• [TASK DETAILS]
Only the lines holding "dans" are wanted; find them in the listing and return each one.

• [TASK INPUTS]

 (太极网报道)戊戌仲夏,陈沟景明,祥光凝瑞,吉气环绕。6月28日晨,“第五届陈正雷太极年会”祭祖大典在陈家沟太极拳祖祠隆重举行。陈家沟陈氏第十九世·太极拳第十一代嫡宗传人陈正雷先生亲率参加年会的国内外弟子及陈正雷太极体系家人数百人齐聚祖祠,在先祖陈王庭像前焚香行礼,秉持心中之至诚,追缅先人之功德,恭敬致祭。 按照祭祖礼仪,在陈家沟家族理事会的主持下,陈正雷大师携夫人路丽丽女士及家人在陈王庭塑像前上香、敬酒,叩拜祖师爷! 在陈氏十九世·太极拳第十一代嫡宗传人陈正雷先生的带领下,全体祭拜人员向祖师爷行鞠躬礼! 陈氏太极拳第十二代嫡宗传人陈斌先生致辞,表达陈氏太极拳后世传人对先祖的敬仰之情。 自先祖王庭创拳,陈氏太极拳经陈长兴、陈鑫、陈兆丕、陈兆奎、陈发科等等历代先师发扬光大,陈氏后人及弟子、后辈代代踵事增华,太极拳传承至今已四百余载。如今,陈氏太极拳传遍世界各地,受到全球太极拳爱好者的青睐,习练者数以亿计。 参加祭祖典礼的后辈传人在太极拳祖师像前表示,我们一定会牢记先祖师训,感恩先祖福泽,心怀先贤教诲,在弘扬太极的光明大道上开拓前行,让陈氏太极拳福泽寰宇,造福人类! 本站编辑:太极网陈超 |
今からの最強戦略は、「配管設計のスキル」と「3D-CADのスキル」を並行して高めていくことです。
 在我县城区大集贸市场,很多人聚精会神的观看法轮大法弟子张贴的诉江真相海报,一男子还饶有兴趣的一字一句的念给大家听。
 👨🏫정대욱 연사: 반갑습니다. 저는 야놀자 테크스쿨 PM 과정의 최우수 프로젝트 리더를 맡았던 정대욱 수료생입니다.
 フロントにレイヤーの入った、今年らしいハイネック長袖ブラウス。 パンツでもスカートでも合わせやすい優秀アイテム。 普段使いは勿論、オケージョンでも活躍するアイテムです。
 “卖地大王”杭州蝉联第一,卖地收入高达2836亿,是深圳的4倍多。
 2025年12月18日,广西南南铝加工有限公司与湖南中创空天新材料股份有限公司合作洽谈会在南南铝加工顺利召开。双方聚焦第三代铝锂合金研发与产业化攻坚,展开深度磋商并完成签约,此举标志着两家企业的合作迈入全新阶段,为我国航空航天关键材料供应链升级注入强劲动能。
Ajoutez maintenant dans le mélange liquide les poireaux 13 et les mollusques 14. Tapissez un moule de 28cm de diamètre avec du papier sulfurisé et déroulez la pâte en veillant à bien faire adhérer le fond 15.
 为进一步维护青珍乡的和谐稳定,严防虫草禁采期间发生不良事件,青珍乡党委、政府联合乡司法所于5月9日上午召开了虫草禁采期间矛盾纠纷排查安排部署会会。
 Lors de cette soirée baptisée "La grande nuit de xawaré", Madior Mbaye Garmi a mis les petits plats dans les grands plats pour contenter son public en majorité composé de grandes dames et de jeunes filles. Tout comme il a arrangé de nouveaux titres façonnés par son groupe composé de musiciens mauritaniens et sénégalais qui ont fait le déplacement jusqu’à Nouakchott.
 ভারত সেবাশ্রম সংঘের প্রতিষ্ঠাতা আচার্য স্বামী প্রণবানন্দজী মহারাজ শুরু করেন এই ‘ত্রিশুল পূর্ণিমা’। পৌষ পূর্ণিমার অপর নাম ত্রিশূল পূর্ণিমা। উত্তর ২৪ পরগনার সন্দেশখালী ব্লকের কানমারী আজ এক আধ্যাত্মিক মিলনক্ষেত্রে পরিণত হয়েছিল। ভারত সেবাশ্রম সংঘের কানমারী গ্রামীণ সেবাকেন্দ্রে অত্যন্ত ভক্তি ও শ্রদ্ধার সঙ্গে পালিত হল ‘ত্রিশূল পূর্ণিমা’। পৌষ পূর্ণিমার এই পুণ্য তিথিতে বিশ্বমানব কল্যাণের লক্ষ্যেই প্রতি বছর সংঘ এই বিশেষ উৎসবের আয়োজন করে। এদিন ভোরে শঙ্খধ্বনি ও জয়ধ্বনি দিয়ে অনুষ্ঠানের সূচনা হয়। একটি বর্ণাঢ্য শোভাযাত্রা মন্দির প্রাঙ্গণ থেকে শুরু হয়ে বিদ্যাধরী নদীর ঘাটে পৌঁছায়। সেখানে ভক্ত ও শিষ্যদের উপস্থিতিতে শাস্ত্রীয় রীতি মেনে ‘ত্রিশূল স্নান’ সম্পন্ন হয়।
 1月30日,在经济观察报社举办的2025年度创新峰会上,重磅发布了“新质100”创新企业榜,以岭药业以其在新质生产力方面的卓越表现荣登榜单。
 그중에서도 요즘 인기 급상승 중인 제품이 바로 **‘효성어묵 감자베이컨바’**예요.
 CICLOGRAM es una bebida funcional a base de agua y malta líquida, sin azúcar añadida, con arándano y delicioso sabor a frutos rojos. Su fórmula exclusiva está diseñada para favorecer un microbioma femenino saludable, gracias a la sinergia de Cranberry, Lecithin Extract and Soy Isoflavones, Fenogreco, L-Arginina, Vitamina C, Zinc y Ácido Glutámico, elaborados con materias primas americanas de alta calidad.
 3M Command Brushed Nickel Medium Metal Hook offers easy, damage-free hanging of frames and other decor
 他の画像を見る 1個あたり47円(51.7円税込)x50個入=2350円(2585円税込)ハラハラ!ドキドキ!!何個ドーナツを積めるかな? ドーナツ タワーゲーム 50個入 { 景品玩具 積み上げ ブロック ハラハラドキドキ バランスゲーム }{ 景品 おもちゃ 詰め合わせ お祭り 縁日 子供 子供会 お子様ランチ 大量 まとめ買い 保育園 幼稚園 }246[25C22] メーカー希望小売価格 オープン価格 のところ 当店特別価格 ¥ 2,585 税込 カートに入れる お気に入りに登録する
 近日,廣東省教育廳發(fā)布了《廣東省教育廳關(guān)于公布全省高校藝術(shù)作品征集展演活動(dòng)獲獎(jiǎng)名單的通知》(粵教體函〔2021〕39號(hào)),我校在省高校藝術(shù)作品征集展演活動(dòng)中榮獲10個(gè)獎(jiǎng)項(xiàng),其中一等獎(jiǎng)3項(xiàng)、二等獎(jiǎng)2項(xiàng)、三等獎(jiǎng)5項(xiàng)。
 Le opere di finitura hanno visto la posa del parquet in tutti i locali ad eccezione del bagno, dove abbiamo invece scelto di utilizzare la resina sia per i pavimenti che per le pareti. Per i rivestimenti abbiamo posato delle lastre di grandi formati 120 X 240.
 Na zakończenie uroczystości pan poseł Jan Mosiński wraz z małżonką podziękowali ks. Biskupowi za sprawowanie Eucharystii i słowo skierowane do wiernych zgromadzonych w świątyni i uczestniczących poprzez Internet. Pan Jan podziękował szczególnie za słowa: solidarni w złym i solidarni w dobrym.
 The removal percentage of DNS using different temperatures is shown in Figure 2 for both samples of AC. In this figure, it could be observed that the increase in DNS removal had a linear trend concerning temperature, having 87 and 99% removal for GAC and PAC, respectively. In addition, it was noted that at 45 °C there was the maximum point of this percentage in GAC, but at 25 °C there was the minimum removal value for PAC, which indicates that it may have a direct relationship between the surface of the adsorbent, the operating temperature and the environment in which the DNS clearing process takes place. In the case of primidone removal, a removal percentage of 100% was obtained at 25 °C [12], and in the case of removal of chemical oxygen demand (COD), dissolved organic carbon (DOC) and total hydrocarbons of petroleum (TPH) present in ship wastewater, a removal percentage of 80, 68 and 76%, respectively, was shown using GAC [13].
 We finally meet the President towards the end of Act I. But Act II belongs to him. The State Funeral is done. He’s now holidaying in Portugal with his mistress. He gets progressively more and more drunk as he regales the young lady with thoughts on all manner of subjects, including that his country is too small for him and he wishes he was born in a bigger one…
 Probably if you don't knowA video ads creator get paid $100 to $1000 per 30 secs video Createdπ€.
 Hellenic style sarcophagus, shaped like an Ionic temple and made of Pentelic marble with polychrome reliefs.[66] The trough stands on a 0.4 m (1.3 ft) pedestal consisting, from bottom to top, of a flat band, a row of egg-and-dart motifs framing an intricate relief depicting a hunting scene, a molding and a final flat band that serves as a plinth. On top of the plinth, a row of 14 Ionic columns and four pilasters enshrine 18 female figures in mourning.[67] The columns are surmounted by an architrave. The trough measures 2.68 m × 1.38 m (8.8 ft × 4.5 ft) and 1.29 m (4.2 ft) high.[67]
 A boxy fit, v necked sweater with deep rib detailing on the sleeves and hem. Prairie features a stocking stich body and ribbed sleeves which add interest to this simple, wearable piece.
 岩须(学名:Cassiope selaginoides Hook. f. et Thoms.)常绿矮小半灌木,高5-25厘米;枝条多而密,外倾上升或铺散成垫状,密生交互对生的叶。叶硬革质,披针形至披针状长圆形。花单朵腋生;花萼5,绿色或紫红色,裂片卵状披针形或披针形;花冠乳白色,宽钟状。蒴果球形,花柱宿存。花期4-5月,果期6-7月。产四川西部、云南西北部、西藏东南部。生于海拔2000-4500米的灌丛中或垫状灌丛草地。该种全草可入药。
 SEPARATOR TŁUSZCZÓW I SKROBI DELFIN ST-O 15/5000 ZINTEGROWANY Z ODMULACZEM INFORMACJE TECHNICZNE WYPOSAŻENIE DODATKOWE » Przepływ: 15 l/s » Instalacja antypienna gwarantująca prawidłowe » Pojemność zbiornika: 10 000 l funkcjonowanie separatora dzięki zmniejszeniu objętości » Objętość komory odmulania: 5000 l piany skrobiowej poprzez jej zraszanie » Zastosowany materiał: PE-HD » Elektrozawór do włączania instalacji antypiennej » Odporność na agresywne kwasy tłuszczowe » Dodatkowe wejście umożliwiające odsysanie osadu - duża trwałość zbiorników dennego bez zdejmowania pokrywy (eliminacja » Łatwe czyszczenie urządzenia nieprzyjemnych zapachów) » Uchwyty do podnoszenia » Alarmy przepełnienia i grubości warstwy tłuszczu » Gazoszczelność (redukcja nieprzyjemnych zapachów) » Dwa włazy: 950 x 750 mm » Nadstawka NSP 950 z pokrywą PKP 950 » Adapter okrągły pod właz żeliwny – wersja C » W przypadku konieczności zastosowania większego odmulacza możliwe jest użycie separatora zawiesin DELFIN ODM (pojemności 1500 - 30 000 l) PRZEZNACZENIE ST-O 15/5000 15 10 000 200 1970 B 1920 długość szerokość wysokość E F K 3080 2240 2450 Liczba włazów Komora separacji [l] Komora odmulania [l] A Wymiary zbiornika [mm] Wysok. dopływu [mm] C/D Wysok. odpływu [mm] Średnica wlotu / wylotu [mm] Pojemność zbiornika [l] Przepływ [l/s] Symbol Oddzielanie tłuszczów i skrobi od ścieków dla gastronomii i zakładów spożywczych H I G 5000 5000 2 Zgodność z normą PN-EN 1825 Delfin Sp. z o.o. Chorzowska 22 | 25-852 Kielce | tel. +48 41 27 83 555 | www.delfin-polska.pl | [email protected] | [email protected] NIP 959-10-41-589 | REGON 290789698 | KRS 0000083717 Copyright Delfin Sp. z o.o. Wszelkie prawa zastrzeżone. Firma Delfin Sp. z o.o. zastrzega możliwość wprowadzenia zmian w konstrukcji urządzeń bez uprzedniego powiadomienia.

• [RESPONSE BOX]
Ajoutez maintenant dans le mélange liquide les poireaux 13 et les mollusques 14. Tapissez un moule de 28cm de diamètre avec du papier sulfurisé et déroulez la pâte en veillant à bien faire adhérer le fond 15.
 Lors de cette soirée baptisée "La grande nuit de xawaré", Madior Mbaye Garmi a mis les petits plats dans les grands plats pour contenter son public en majorité composé de grandes dames et de jeunes filles. Tout comme il a arrangé de nouveaux titres façonnés par son groupe composé de musiciens mauritaniens et sénégalais qui ont fait le déplacement jusqu’à Nouakchott.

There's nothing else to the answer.